The carbonylation of proteins was detected with the OxyBlot Protein Oxidation Detection Kit (MilliporeSigma) according to manufacturer’s instructions.

Mitochondrial isolation and determination of enzymatic activities

Mitochondria were isolated from fresh forebrain, which was minced and homogenized in a glass-glass homogenizer with 10 volumes of buffer A (320 mM sucrose, 1 mM EDTA and 10 mM Tris-HCl, pH 7.4). Nuclei and unbroken cells were removed by centrifugation at 800 ×g for 10 minutes at 4°C, and mitochondria were pelleted by centrifugation at 7,500 ×g.
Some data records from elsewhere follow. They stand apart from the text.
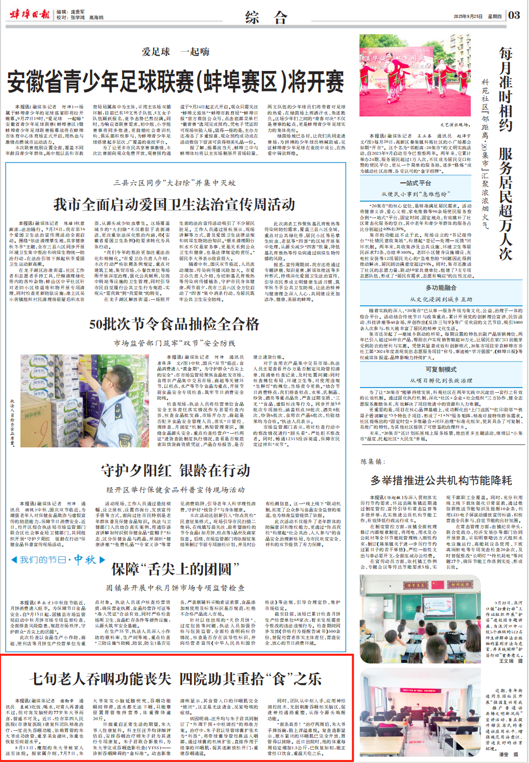 七旬老人吞咽功能丧失 四院助其重拾“食”之乐
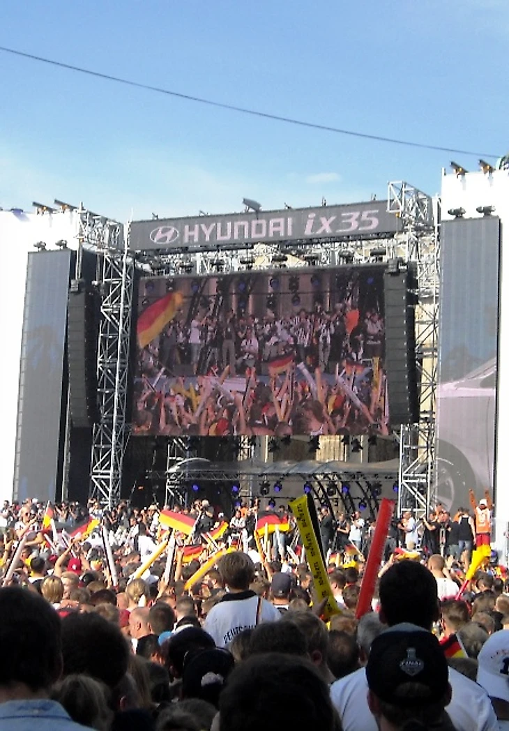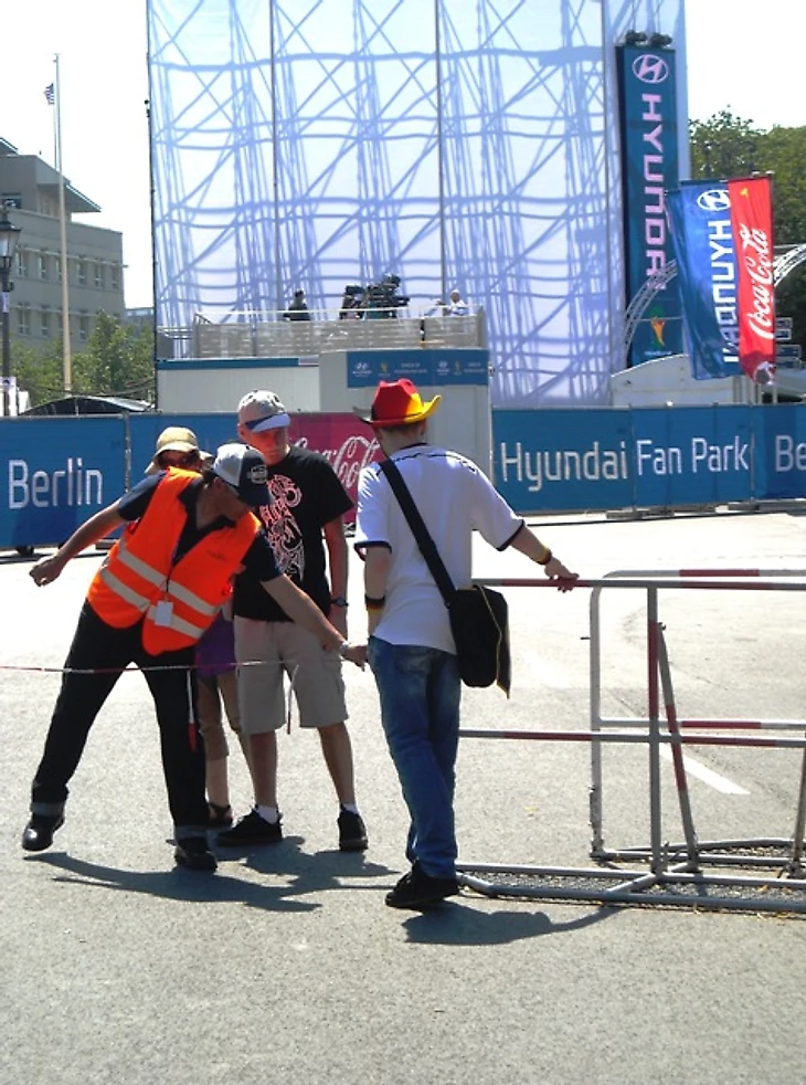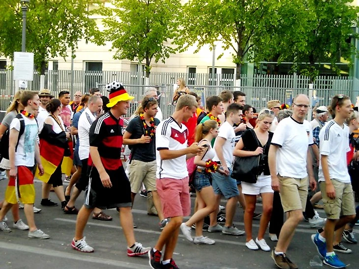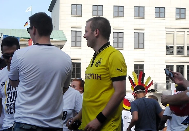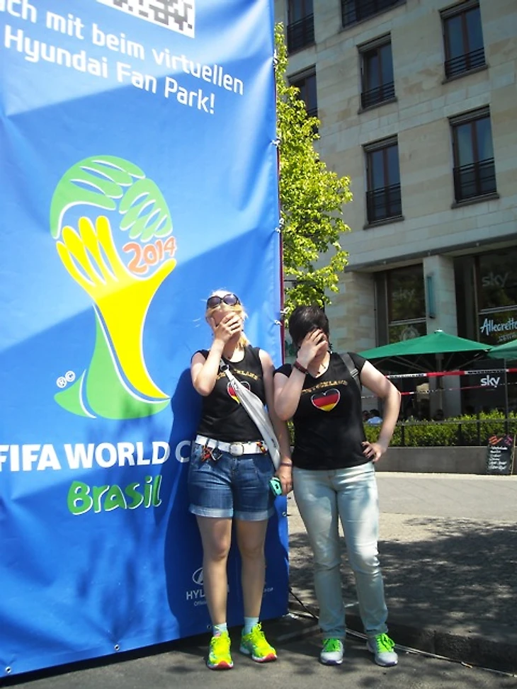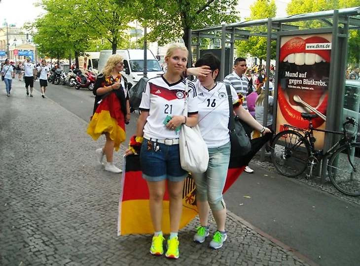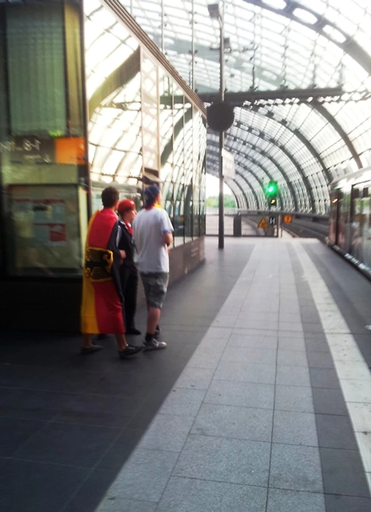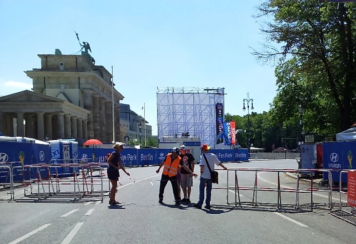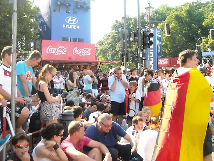 Долго задерживаться в отеле мы не стали, чтобы прийти в фан-зону заранее хотя бы по своим, русским меркам. Скажу честно – до сих пор совершенно не понимаю, с чего мы решили, что главная фан-зона Берлина располагается на станции Alexanderplatz. Размышляя по пути к метро, идти нам туда или к Воротам, мы решили выбрать что покруче, но приехав на нужную станцию, с удивлением обнаружили, что площадь там не очень большая и каких-либо признаков фан-зоны не наблюдается. Да и болельщиков здесь почти не было, а те, что были, посиживали в открытых кафе, явно собираясь смотреть игру там. Почесав в затылках, мы остановили первых подвернувшихся под руку немцев и спросили, как дойти до фан-зоны. До сих пор очень интересно, о чем подумали юноша с девушкой, глядя на трех девчонок, с головы до ног увешанных немецкой атрибутикой и при этом не говорящих по-немецки. Да еще и находившихся за два часа до начала матча, как выяснилось, в получасе пути от фан-зоны, которая, разумеется, была одна и располагалась у Ворот, о чем эти двое нас любезно проинформировали. Чертыхнувшись, мы решили не тратить деньги на метро и пошли пешком, хотя надо сказать, дорога эта красотой не порадовала (узкие улицы и сплошные офисные здания), а солнце палило просто нещадно. Однако мы отнеслись к этому философски, решив, что за сегодняшнюю победу видимо надо чем-то заплатить.
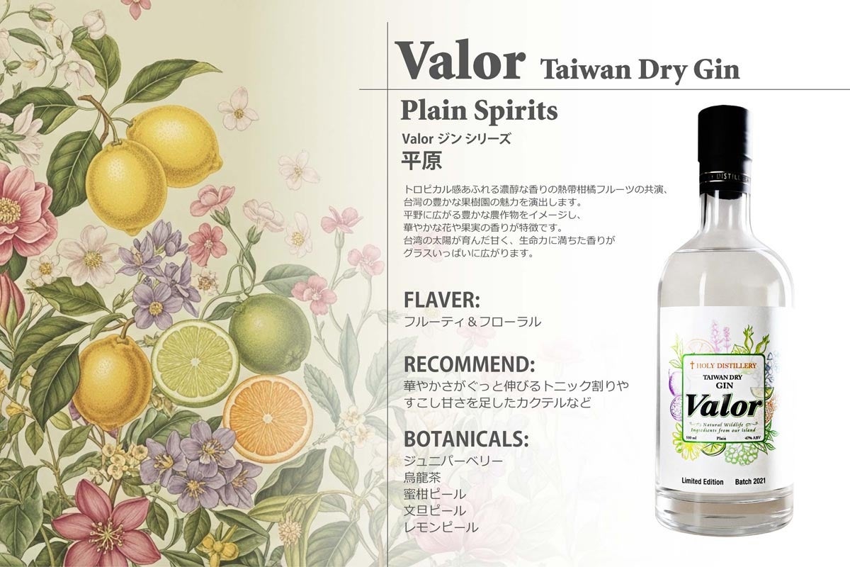 VALOR GIN PLAIN SPIRITSトロピカル感あふれる濃醇な香りの熱帶柑橘フルーツの共演、台灣の豊かな果樹園の魅力を演出します。平野に広がる豊かな農作物をイメージし、華やかな花や果実の香りが特徴です。台湾の太陽が育んだ甘く、生命力に満ちた香りがグラスいっぱいに広がります。

The ATP synthetic activity was determined in fresh mitochondria as described [28,90], using respiration buffer (225 mM sucrose, 10 mM KCl, 5 mM MgCl₂, 1 mM EGTA, 0.1% fatty acid-free BSA, 10 mM K₂HPO₄ and 10 mM Tris-HCl, pH 7.4) with 120 μM P¹,P⁵-di(adenosine-5′)pentaphosphate, 5 mM ADP and 8 mM succinate as respiratory substrate. The ATP hydrolase, rotenone-sensitive NADH dehydrogenase (complex I), and cytochrome c oxidase (complex IV) activities were determined after freeze-thawing mitochondrial preparations as described [12,91]. A total of 140-μM phenazine methosulphate was used as electron acceptor for the determination of complex I activity. Inhibition of the ATP synthase and hydrolase activities was accomplished by the addition of 10-μM oligomycin to mitochondria from the 3 genotypes.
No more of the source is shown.